This may be a rare case in which the previously unreleased tracks (a session with different musicians recorded a year after the issued session) are better than those on the original album. Unless the album was released before the second session was recorded, I'm really surprised that they didn't use the second session, or some mix of the two.
Of course, this album's particularity is the quintet + choir format. Once you get past the slightly dated weirdness of it all, there's a fair amount to enjoy. It starts out great with a funky "Hey Hey" (yes, the female voices do punctuate the tune with "hey! hey!") in which the voices serve a rhythmic role. Carlos Garnett injects squealing free/blues energy and under Woody Shaw's solo, Freddie Waits plays an almost free-time funky swing not quite like anything else I've heard. Actually, it kind of sounds like... Nasheet Waits.
The last track of the original album, "Ghetto Lights" is the other highlight, as the vocal writing is at its most multi-layered. Nice solos, too, but nothing that equals the stunning version on Bobby Hutcherson's "Dialogue."
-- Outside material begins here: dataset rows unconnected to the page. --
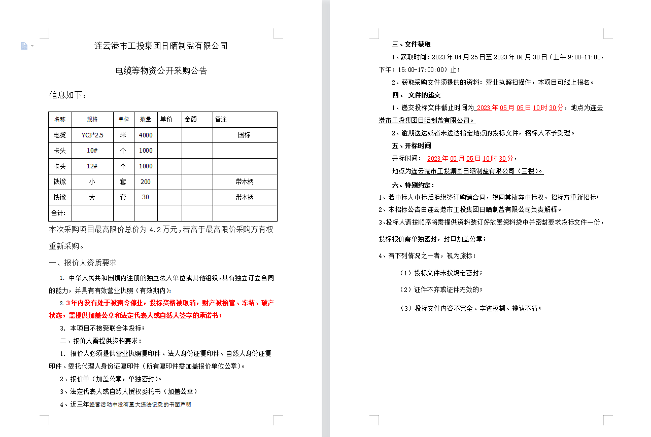 连云港市工投华体会(中国)日晒制盐有限公司电缆等物资公开采购公告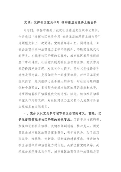 / 【七哥公文】2024年:党课:发挥社区党员作用 推动基层治理再上新台阶+更多免费公文+VX:QiGeGongWen2024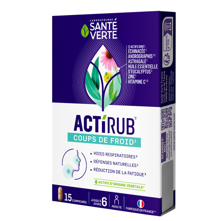 ACTIRUB à prix discount de SANTE VERTE, le complément alimentaire en comprimés à base de préparation de plantes, huile essentielle, Vitamine C, Zinc, dans votre parapharmacie en ligne.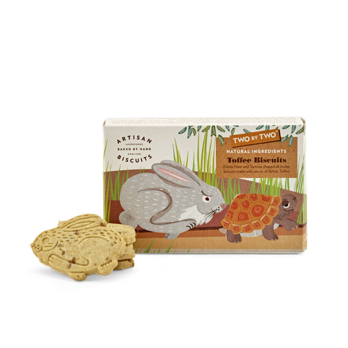 Made with pieces of British toffee, the biscuits are cut-out into charming animal characters, which are reflected in the box illustration.

Waits is perhaps the album's main problem, actually. He often sounds a bit over-eager, which is probably the last thing you want to be when playing Hill's music. An egregious example is on "Two Lullabies," when Waits injects a heavy back-beat as if to kick Shaw's solo into a higher gear, but seems as surprised as we are to learn that Shaw's solo spot is actually over. He then fumbles his way back into a quieter groove. On the very next track, he does something similar at the end of Garnett's solo, but, not having forgotten the form, nails it, so the fill serves as a full stop. Also, on the title track, he and Richard Davis don't gel at all, so the tune sags a lot despite some nice solos.
None of these problems occur on the second session, with Ben Riley and Ron Carter. The whole session sounds, on the one hand a lot smoother, on the other, more conservative, despite the vocal arrangements being slightly better.
I wonder if Hill's late '60s shift away from his more difficult music is a sign that the opinions he's expressed on Cecil Taylor had already taken hold at that time. The problem is that he becomes a little too mainstream and his music loses its strength, becomes a little too ordinary, whereas the mid-60s albums are all momentous occasions. It seems to me that "Dusk" and "Time Lines" strike a good balance between these two poles.